# Wooster Wide Boy Hulk



## JoseyWales (Jan 8, 2011)

This tool has a major flaw...The damn thing loosens while you are rolling and a few times the sleeve actually fell off the roller frame!!...I have to constantly lift the red fastening tabs up and tighten the roller frame..I might have to look into the Wide Boy Wooster frames that have the wing nuts..Hopefully that model is built better....I have to admit I like the speed of a 14" roller!

Anyone try the new 12-18" adjustable Purdy roller frame?


----------



## DeanV (Apr 18, 2007)

I believe wooster has stopped making the variety with the tabs and is back to the wing nut version because of what you mentioned.


----------



## JoseyWales (Jan 8, 2011)

DeanV said:


> I believe wooster has stopped making the variety with the tabs and is back to the wing nut version because of what you mentioned.


Thanks,I'll take it back to the paint store and hopefully get a refund or exchange.


----------



## straight_lines (Oct 17, 2007)

I have one as well as three of the old style with the wing nuts. The issue with the old style is after it gets some age, and sprinkles on it the bolts will spin. The heads need to be recessed into the plastic to lock them, and either metric or standard instead of the flat head. 

You can tighten the plastic nuts to make it more snug when you push the tabs down. I think if it were metal the design would be sound.


----------



## Wolfgang (Nov 16, 2008)

If you have some old rubber inner-tube, cut out a square, poke a hole in the middle, put it over the bolt with the wing nut on top. Acts like a lock washer.

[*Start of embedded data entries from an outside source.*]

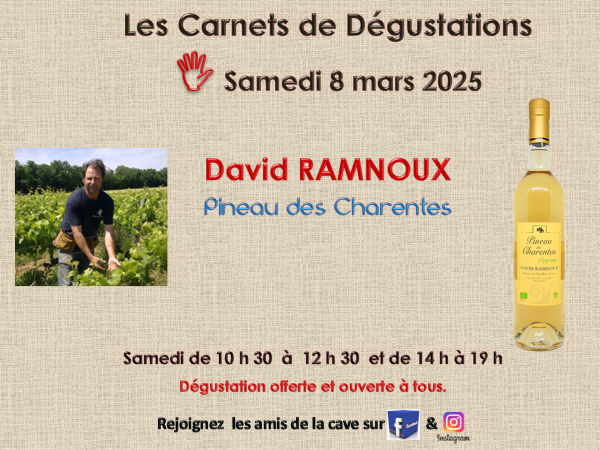 SAMEDI 8 MARS : HOMMAGE AU PINEAU DES CHARENTES : DAVID RAMNOUX A LA CAVE . . .
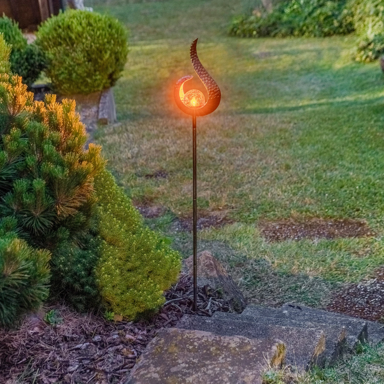 Yonca ist eine attraktive Ergänzung für das Ambiente im Außenbereich. Ihr besonderes Design besteht aus einer schlanken Stange, die einen Leuchtenschirm trägt, der eine spannende Form besitzt. Innerhalb dieses Schirmes sitzt eine Glaskugel, in der LEDs fest verbaut sind. Diese LEDs generieren eine gemütliche, warmweiße Beleuchtung, die sich vor allem für einen Garten oder eine Terrasse eignet. Nach Bedarf kann die LED-Solar-Dekoleuchte Yonca mit weiteren Lampen ihrer Serie kombiniert werden, um einen stimmigen Gesamteindruck zu schaffen.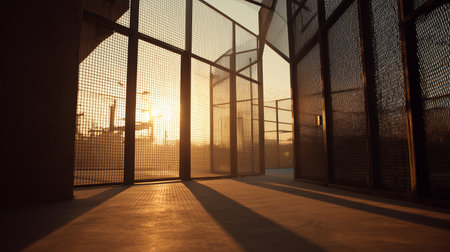 A view of a gate and doors leading to a sunrise through the entrance. The morning light shines through the bars, creating a warm and golden glow.
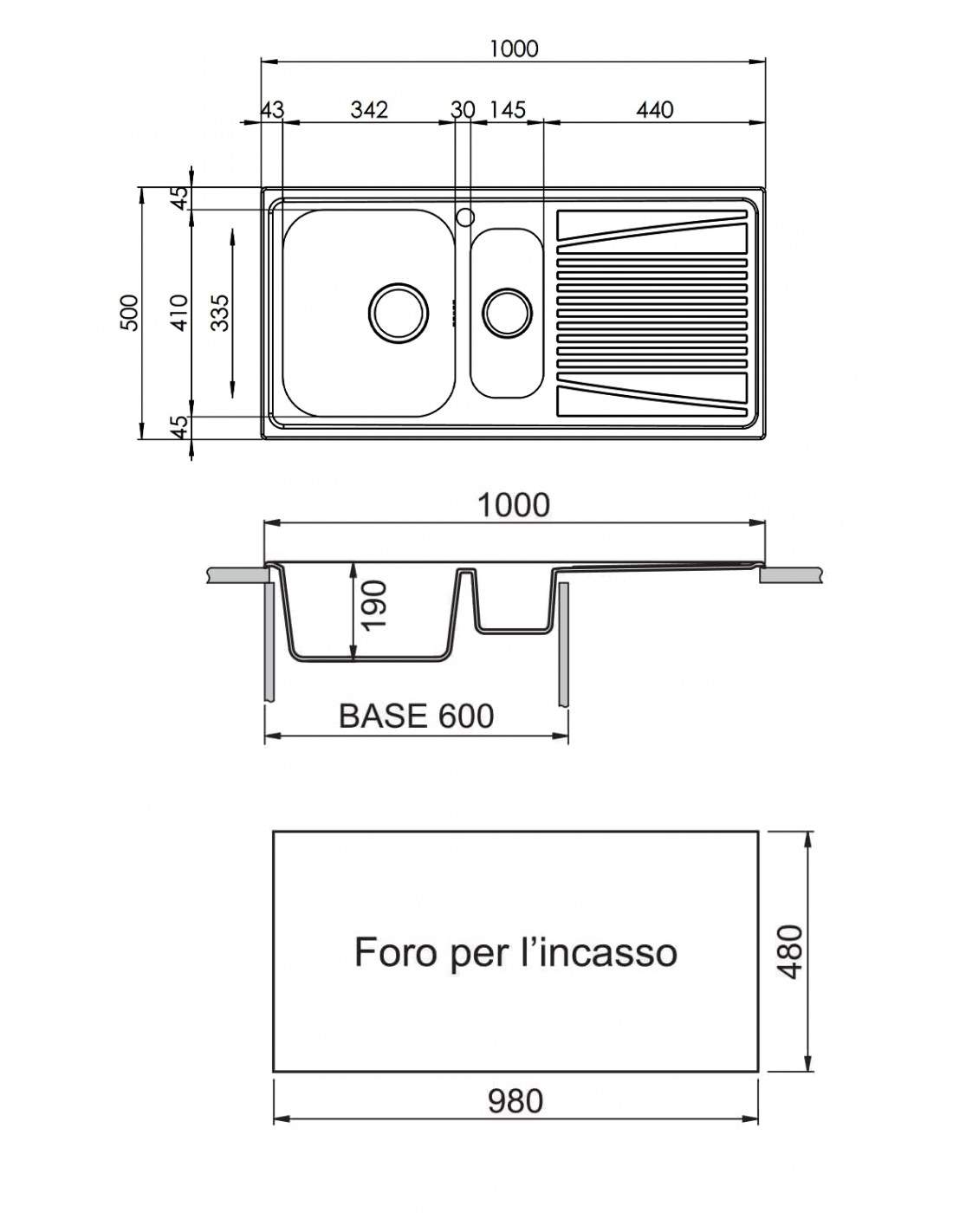 | Dimensioni seconda vasca (LxL) | 145 x 335 mm |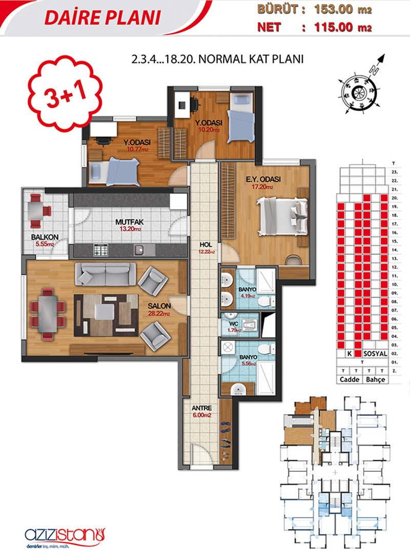 Daire Seçenekleri: 2+1, 3+1, 4+1, 5+1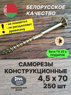 Саморезы по дереву 4,5х70 конструкционные, желтые 250 шт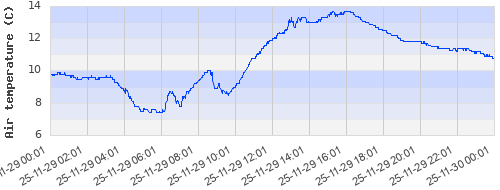 9.84 ºC | 9.63 ºC | 7.42 ºC | 8.92 ºC | 11.93 ºC | 13.42 ºC | 12.48 ºC | 11.4 ºC |

I use garden hose o-rings on my extension poles and very rarely do the frames loosen.


----------



## JoseyWales (Jan 8, 2011)

straight_lines said:


> I have one as well as three of the old style with the wing nuts. The issue with the old style is after it gets some age, and sprinkles on it the bolts will spin. The heads need to be recessed into the plastic to lock them, and either metric or standard instead of the flat head.
> 
> You can tighten the plastic nuts to make it more snug when you push the tabs down. I think if it were metal the design would be sound.


Thanks,I tightened the plastic nuts as best I could and it seemed to work...It rolled nice without loosening all day!


----------



## 6126 (May 9, 2010)

I never had any luck with the Wooster frames myself. Same problems you mentioned. Im not sure who makes them, but I use the blue plastic frames from SW. So far, no problems and I use them quite a bit.


----------



## mblosik (Jan 3, 2009)

yeah.....ditto on the blue frames from sw....they rock.


----------



## JNLP (Dec 13, 2007)

I have had the same old style Wide Boy with the wingnuts for about 8 years using quite often (probably 60+ new constructions houses, 20-30 residential repaints, and some other odd jobs) and never had a problem with it minus losing the nut a few times, but later located it in my dirty overloaded tool bag. :thumbsup:


----------



## JoseyWales (Jan 8, 2011)

JNLP said:


> I have had the same old style Wide Boy with the wingnuts for about 8 years using quite often (probably 60+ new constructions houses, 20-30 residential repaints, and some other odd jobs) and never had a problem with it minus losing the nut a few times, but later located it in my dirty overloaded tool bag. :thumbsup:


I just tried the 14" Wooster cage for that wide sleeve and it worked excellent..It felt just like a regular sized Wooster cage when working out of a tray...The great benefit of a cage is that you can get right into all the corners....That's huge when you are rolling ceilings.

I didn't like working that wide cage out of the Wooster Bucket...The tray is much better as it loads the paint more evenly over the sleeve.

For the time being i'm going to use the cage instead of the Wide Boy Hulk...I'm not a big fan of the pole angle produced from that tool....When you get down low to the baseboard you can scrape the wall if you are not careful.


----------